Saturday, August 1, 2009

Learning Time Management avec bebe

Oh how many of us on the planet have abandoned blogs in cyberspace? Please say I am not the only one. I suspect I am not and am, in fact, in very good company. Well, here I am. And am now aiming for once a week posts. Is that realistic? With a 9 month old now crawling and planning a move out of the country? We'll see.
Between all the books on new motherhood and all the Baby Center emails, I see a lot of headlines about achieving balance and giving yourself a break. None of it really says anything new. Most of it, I think, is kind of misleading. The whole notion of achieving balance makes it sound like you'll never be exhausted if you just attain the right balance of things. Silliness.
I see even more in the books on new motherhood on giving up all the expectations of perfection because these are where suffering come from. This I do agree with. I think a big reason why I started a blog only to abandon it is because I had grand expectations of the kinds of things I would be able to write (long well researched well written thoughtful and thought provoking essays on fine details no one had ever thought of before). I'm slowly coming to peace with that for me to write means I just have to stay up late at night, and often at night, I'm rather at the end of my rope as my dad says. Or I'm not but I want to snuggle with my cute sleeping baby. Or with my cute sleeping husband. Or I just want a shower.
I did realize for not the first time that I am a victim of perfectionism. I want to create the perfect thing/novel/story/piece of art, but when I don't know how to do that or don't think I'm even coming close, I give up. Probably, the gift of a baby is that he is not something I can give up on. And I don't have to be perfect, and really, it's easier for a lot of us if I'm not. So rather than long eloquent, thoughtful essays on the tidbits of motherhood, probably about once a week or so, I'll write a short choppy odd observation on myself in motherhood. It might read like my high school biology lab notebook: "I don't know if I put the right thing in my petri dish". Or "dissected the frog. While there is an odd beauty to it, I never want to do it again."

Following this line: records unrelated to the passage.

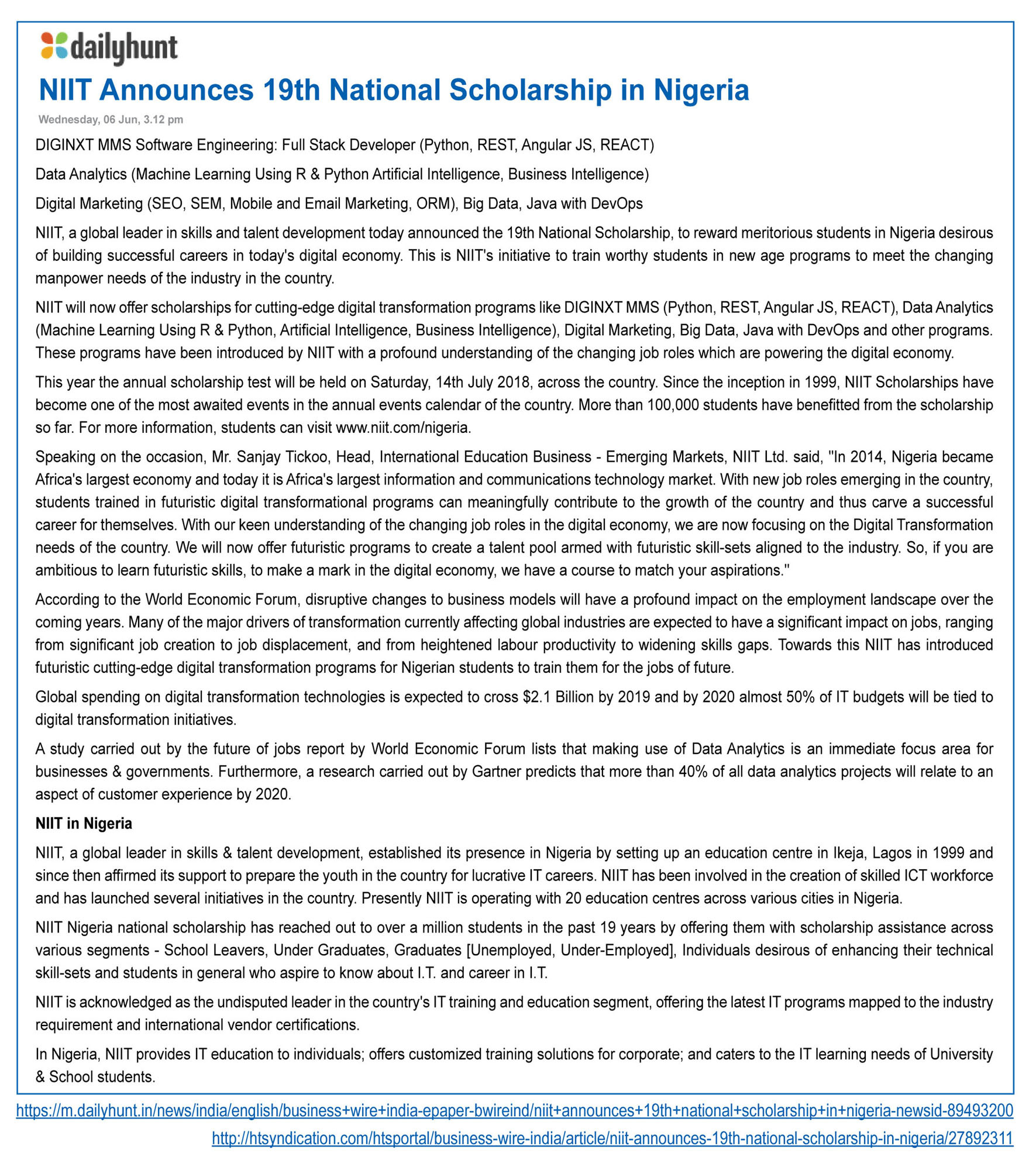 - NIIT announced 19th National Scholarship in Nigeria to reward meritorious students in Nigeria desirous of building successful careers in today's digital economy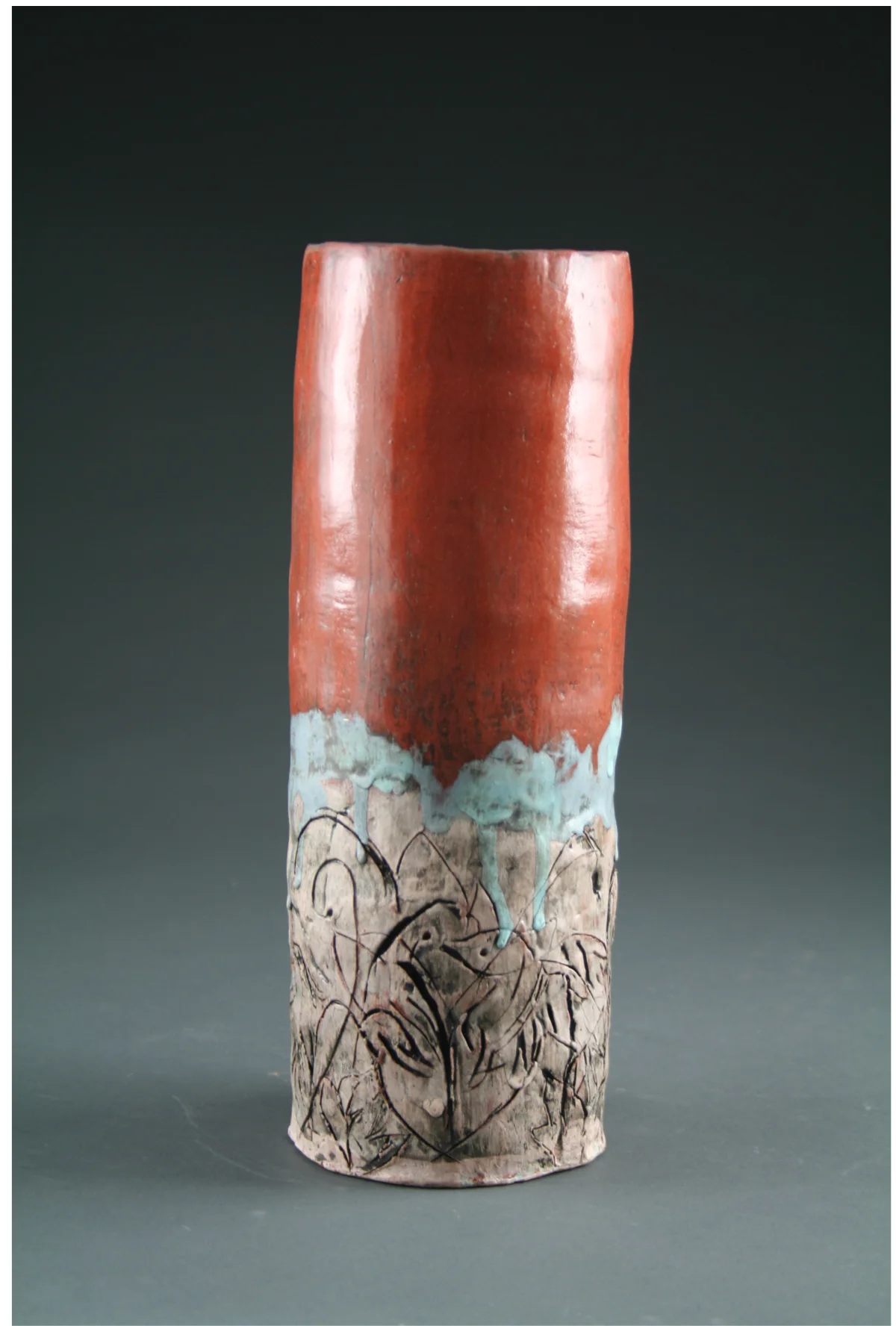 [25] the tall vase is constructed through the coil-pot method. the upper part is distinguished by a rustic, weathered formulation of glazing and etchings in the terra-cotta; the lower part is marked by etchings of flora and fauna on a soft matt blush glaze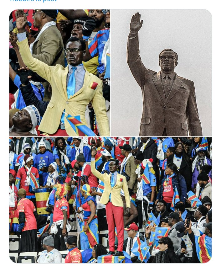 ويرفع المشجع الملقب بـ”لومومبا فيا”، والمعروف بشبهه بالزعيم الراحل، ذراعه اليمنى ويبقى ثابتا تماما طوال المباريات، ليظهر بوضعية تمثال لومومبا التذكاري في كينشاسا.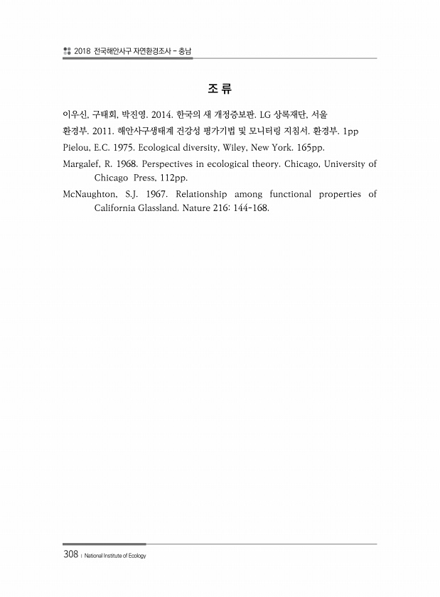 2018 전국해안사구 자연환경조사 충남 308 ? National Institute of Ecology 이우신, 구태회, 박진영. 2014. 한국의 새 개정증보판. LG 상록재단, 서울 환경부. 2011. 해안사구생태계 건강성 평가기법 및 모니터링 지침서. 환경부. 1pp Pielou, E.C. 1975. Ecological diversity, Wiley, New York. 165pp. Margalef, R. 1968. Perspectives in ecological theory. Chicago, University of Chicago Press, 112pp. McNaughton, S.J. 1967. Relationship among functional properties of California Glass...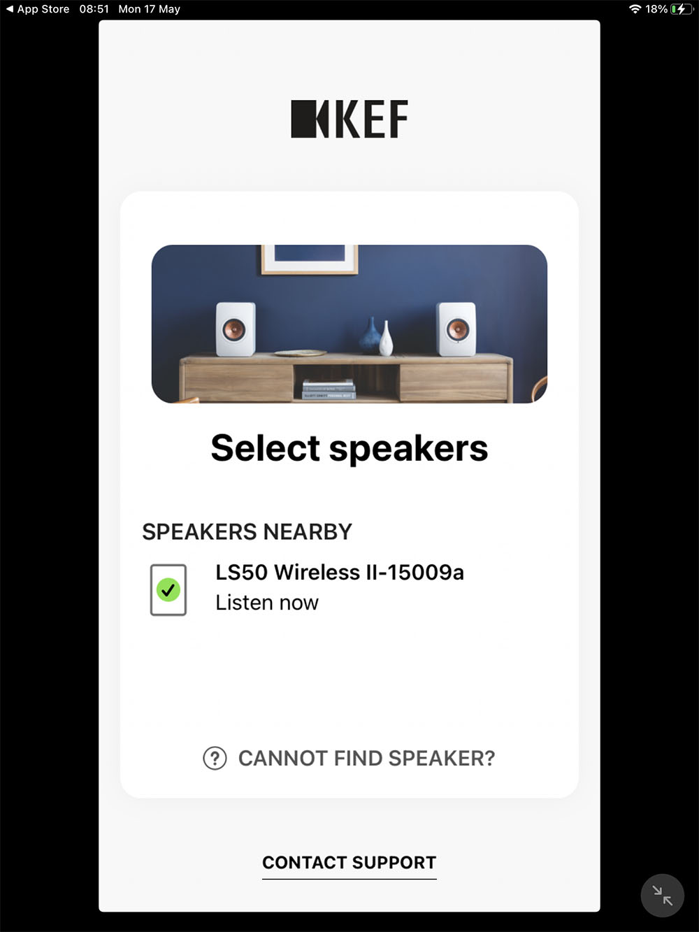 หลังจากดาวน์โหลดแอพ KEF Connect ลงมาบนอุปกรณ์พกพาของคุณแล้ว ก่อนจะใช้งานแอพฯ นี้ได้ คุณจะถูกร้องขอให้ทำการ Log in ก่อน คุณก็ต้องลงทะเบียนโดยกดปุ่ม “Create Account” แล้วกรอกอีเมลกับกำหนดพาสเวิร์คของคุณขึ้นมา เมื่อเข้าได้แล้ว ขั้นตอนต่อไปคือการเชื่อมต่อระหว่างแอ๊พ KEF Connect บนอุปกรณ์พกพาของคุณกับตัวลำโพง LS50 Wireless II ของคุณโดยผ่านทางเน็ทเวิร์คที่บ้านคุณใช้อยู่ กรณีที่ง่ายที่สุดคือปรับตั้งวิธีการเชื่อมต่ออุปกรณ์ผ่าน router ไว้ที่ DHCP คืออนุญาตให้ router จัดการเชื่อมต่อกับอุปกรณ์อื่นๆ โดยอัตโนมัติ ซึ่งหลังจากขั้นตอนนี้จะใช้เวลาแค่ไม่กี่วินาที แอพฯ KEF Connect จะตรวจพบ LS50 Wireless II ที่เชื่อมต่ออยู่ในเน็ทเวิร์คเดียวกันขึ้นมาให้คุณเลือกเพื่อใช้ฟัง (ถ้าคุณมีอุปกรณ์ของ KEF ตัวอื่นๆ ที่เชื่อมต่ออยู่ในเน็ทเวิร์คเดียวกัน รายชื่ออุปกรณ์เหล่านั้นจะปรากฏขึ้นมาด้วย) เมื่อต้องการฟังเพลงผ่าน LS50 Wireless II ก็คลิ๊กเลือกลงไปเลย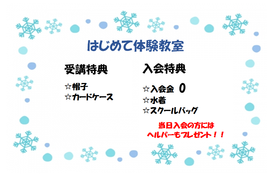 はじめて体験教室 受講・入会特典のお知らせ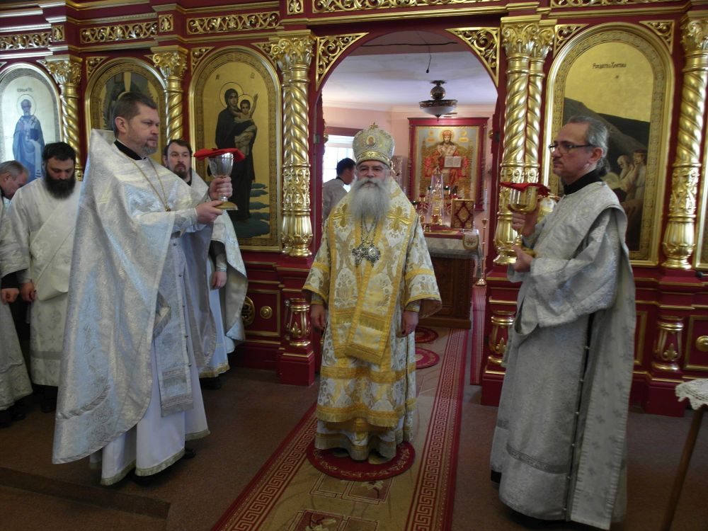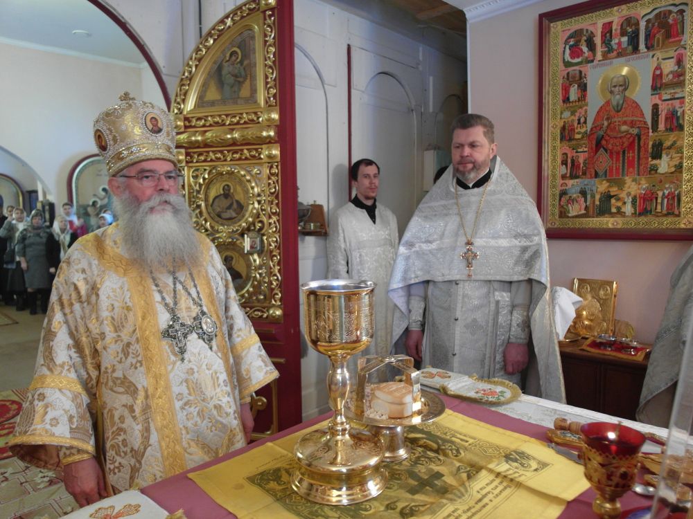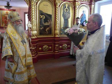 Его Высокопреосвященству сослужили: настоятель храма протоиерей Андрей Верещагин с клириками храма, секретарь Главы Карельской митрополии иерей Константин Павлюченко, протоиерей Александр Паюл и протодиакон Владимир Морозов.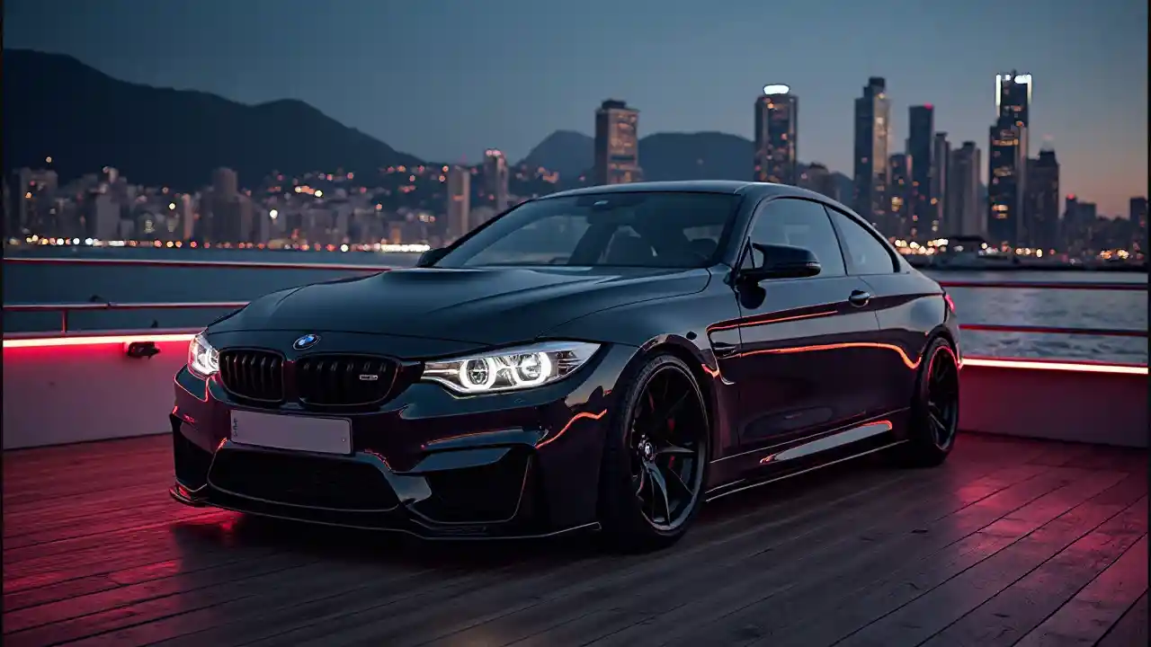 LilyBalapan BMW m4 hitam di malam hari di atas kapal pesiar dengan gedung pencakar langit dan lampu LED merah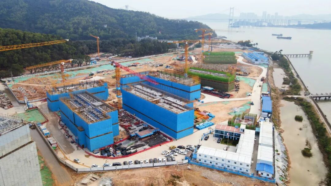 项目依海而建,与珠江入海口最近处直线距离不足 10 米,多条水系将校园划分为一座座 “科学浮岛”,通过连廊相互连接,构建出风景优美、形式创新的特色校园。为保障校园如期交付,项目团队提前策划、快速进场,成功克服滨海环境基坑水位高、淤泥厚度大等难题,仅用 3 天便完成桩机进场及试桩工作,目前正以 7 天每层的速度推进工程建设,持续刷新进度。
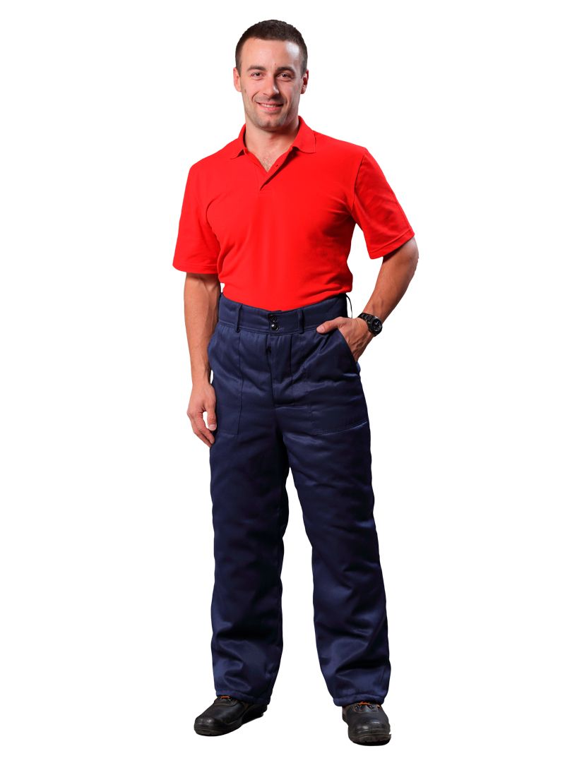 Брюки мужские утепленные с притачным расширенным поясом на теплой подкладке, с застежкой гульфика на пуговицы. Два накладных кармана с наклонным входом. Пояс простеганный.
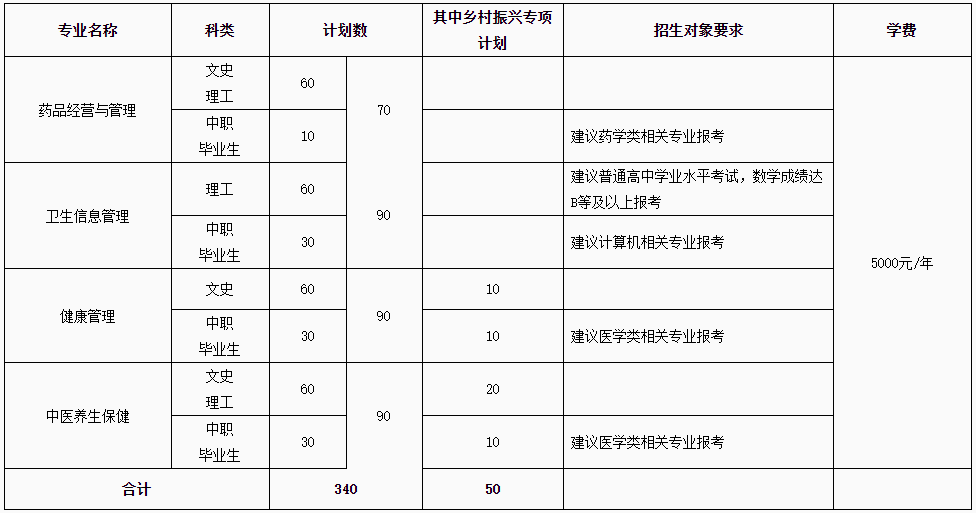 第四章 招生专业、计划及收费标准
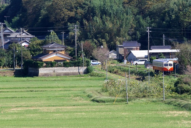 主役の秋(玉造町 10.9) 玉造町駅を発車し ゆっくりと鉾田へ向う432 プチ俯瞰場所から trawayさんと2人 のんびり撮りました EOS 20D Canon EF70-200mm F4L USM

But this week in my notebook, I did think of the beginning of quite a few essays. So I do have things to go back to work on. Things I haven't seen in the books on new motherhood or baby center emails. Like what do you do about children's Bible stories? On the one hand I want my son to have the mythology, on the other I don't want him smiting kids on the playground because they seem wicked. Or on breastfeeding mothers donating milk. There's quite a few of us who donate milk, but I haven't seen anything that really talks about that. Or for pete's sake, post partum in laws and dealing with them while you are also dealing with hormones (and what kind of cruel joke is that?) And postpartum sex? People really don't talk about that. So anyway, I have a lot of things I could work on. But first, I'm taking that shower since the husband and baby are asleep.